A diferencia de su hijo, Theda —quien alguna vez fue editora de foto de Travesías—, inició su relación con los navíos mucho tiempo después de haber nacido: “Pasé mi infancia en Lima, desde mi ventana veía el mar a lo lejos. Todos los veranos íbamos a nadar a la playa con mi familia… siempre le tuve respeto al mar, pero nunca me había subido a un barco”. Años después, Theda se mudó a la Ciudad de México, donde conoció a Paco (su ahora esposo). Ambos con muchas ganas de recorrer el mundo; ella fotógrafa y él capitán, parecían ser el equipo perfecto para la expedición: “No teníamos responsabilidades ni hijos, así que vendimos muchas cosas, metimos el resto en una bodega, nos despedimos de la familia, los amigos, y fuimos a buscar el velero”.
La travesía comenzó a bordo de un Lagoon 380.
El Lagoon 380 es un catamarán de 38 pies de largo que bautizaron Olé, su nueva casa flotante. Y es que más que un medio de transporte, se convertiría en su hogar: “Hemos aprendido a ser autosuficientes; producimos nuestra propia agua para beber con una máquina desaladora, recogemos agua de lluvia y producimos nuestra propia electricidad con paneles solares… vivimos con pocas cosas, sin grandes lujos materiales. Nuestro gran lujo es tener el tiempo para viajar a cualquier parte del mundo, cruzar océanos, que sólo con el barco lo podemos hacer”.

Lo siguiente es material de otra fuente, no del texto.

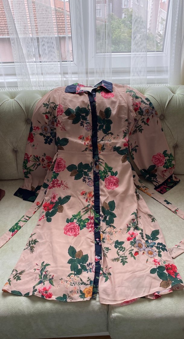 Pembe uzun kollu, bol kesim, yakalı ve düğmeli, çiçek desenli bohem tarzda sentetik kumaş elbise.
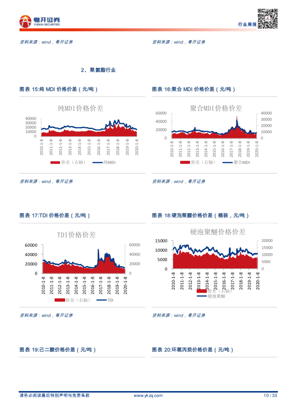 报告对多个化工细分领域的价格走势进行了详细的图表分析,包括:

Y navegar por el mundo hicieron. De la costa francesa al mar Mediterráneo; en donde, por más de un año visitaron puertos e islas de Francia, Portugal, España, Italia, Malta, Grecia y Túnez hasta llegar a Turquía. Después cruzaron el océano Atlántico a vela durante tres semanas hasta el Caribe: “Me acostumbré a la inmensidad del mar, al sonido de las olas que golpeaban en el casco del barco; al movimiento, a los días largos, a las noches negras sin luna. A estar solos en el mar, sin ningún barco alrededor, solamente con las aves, delfines y ballenas que nadaban entre las olas”.
Ya en Barbados, pasaron más de un año viajando por las islas del Caribe. La llegada de Fran en Florida no les impidió subir por toda la Costa Este de Estados Unidos entre bosques, langostas y faros hasta Canadá —”viajar con él fue un poco diferente, parábamos un poco más, y las navegaciones eran más lentas y cercanas a la tierra”—. Después bajaron a Cuba, Gran Caimán, la isla colombiana de San Andrés y Panamá, donde cruzaron el Canal, para seguir por el océano Pacífico la Polinesia Francesa.
Para Theda, una de las ventajas de viajar por agua y no por aire no es el medio de transporte en sí ni los tiempos de traslado (un vuelo transatlántico dura aproximadamente 12 horas, cruzar en barco lleva tres semanas), sino la posibilidad de conocer a fondo la cultura del sitio al que uno llega: “Cuando pasas bastante tiempo en un mismo lugar, empiezas a conocer gente y te adaptas más a la cultura local. Porque vives en el país, pero estás en tu propia casa —aunque sea flotante— y tienes mucho más en común con ellos. Es muy distinto a llegar como un turista”.
Cuarenta mil millas náuticas (más de una vuelta al mundo) y 39 países después.
La que alguna vez veía el mar desde la ventana de un décimo piso en la capital del Perú, ha criado a su único hijo en el océano, viajado a través de él, creado toda una vida en él: “Lo he visto por dentro cuando buceo entre peces, corales, tiburones, y me sigue maravillando. Sé cuando cambia de color según la hora del día, cuando está calmado y parece un espejo, cuando sopla el viento y se levantan las olas; me gusta el ritmo de las mismas cuando navegamos, como si fuera una música que nunca se detiene”.
¿Cuáles son los planes a futuro?, ¿seguir navegando? Sí, por ahora seguiremos viajando por la Polinesia Francesa, después quisiéramos ir a Nueva Zelanda y Australia.